Agitate or Collaborate? How can you tell?

A shepherd was herding his flocks in a remote pasture when suddenly a brand new Jeep Cherokee advanced out of a dust cloud towards him. The driver, a young man in a Armani suit, Gucci shoes, Oakley sunglasses and a Polo tie leaned out of the window and asked our shepherd: “If I can tell you exactly how many sheep you have in your flock, will you give me one?”

The shepherd looks at the yuppie, then at his peacefully grazing flock and calmly answers “sure!”

The yuppie parks the car, whips out his notebook, connects to the net through a cellular card, surfs to a NASA page on the Internet where he calls up a GPS satellite navigation system, scans the area, opens up a database and some 60 Excel spreadsheets with complex formulas.

Finally, he prints out a 150 page report on his hi-tech miniaturized printer, turns around to the shepherd and says: “You have here exactly 1,586 sheep!” “That is correct, take one of the sheep” says the shepherd.

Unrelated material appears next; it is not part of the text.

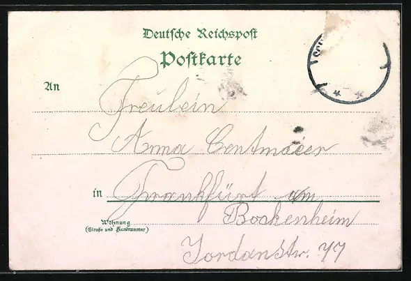 Personenbezogene Daten auf der Rückseite der Karte wurden durch blauen Textmarker unkenntlich gemacht. Die blauen Stellen sind auf die Vorderseite durchgeweicht und wirken sich negativ auf das Postkartenfoto aus
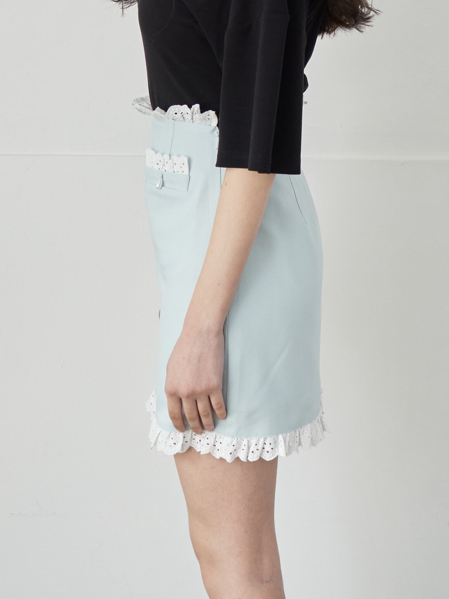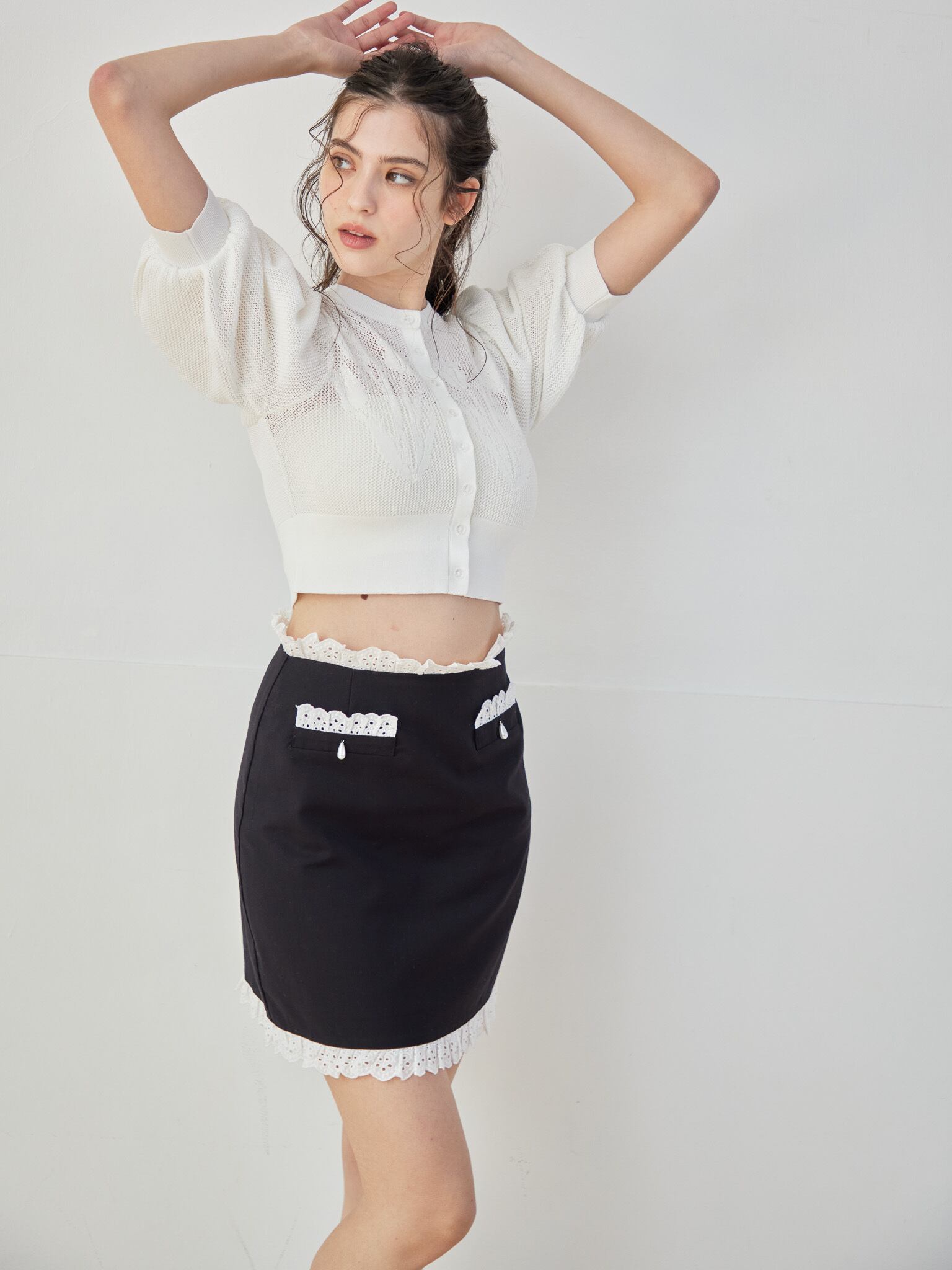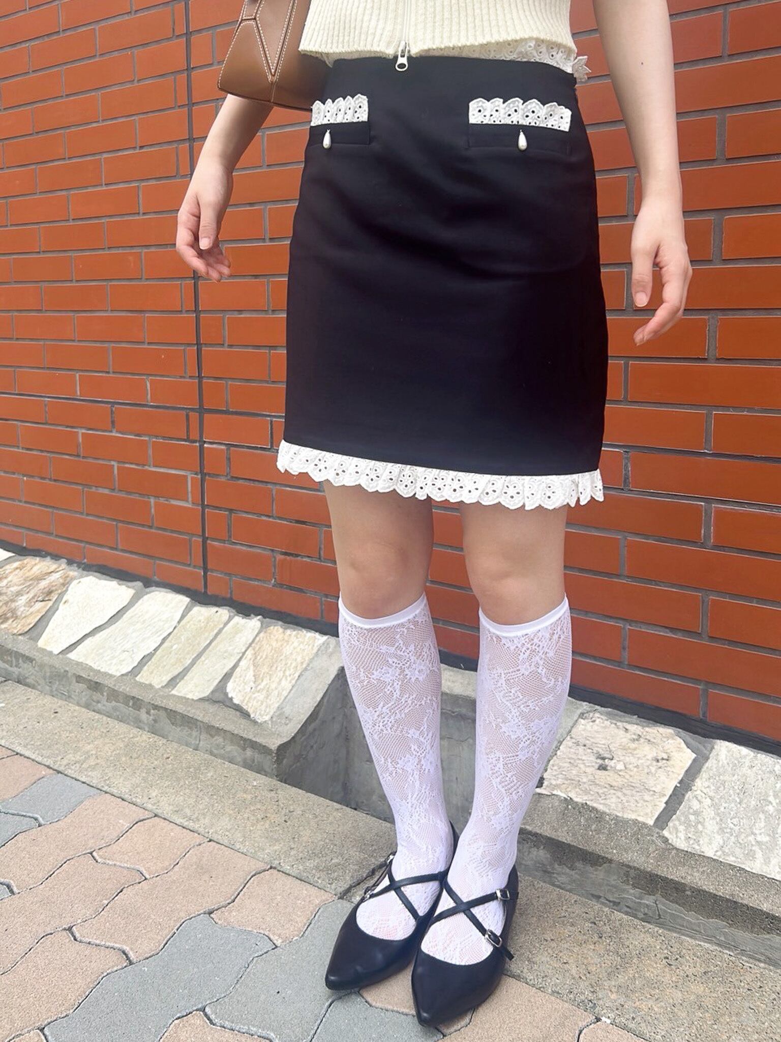 レーストリミングミニスカート / Lace trimming mini skirt 【125022】

He watches the young man select an animal and bundle it into his Cherokee.

Then the shepherd says: “If I can tell you exactly what your business is, will you give me my sheep back?” “Okay, why not!” answers the young man.

“You are a consultant” says the shepherd.

“That is correct” says the yuppie. “How did you guess that?”

“Easy” answers the shepherd. “You turn up here although nobody called you, you want to be paid for the answer to a question I already knew the solution of, and you don’t know anything about my business because you took my dog.”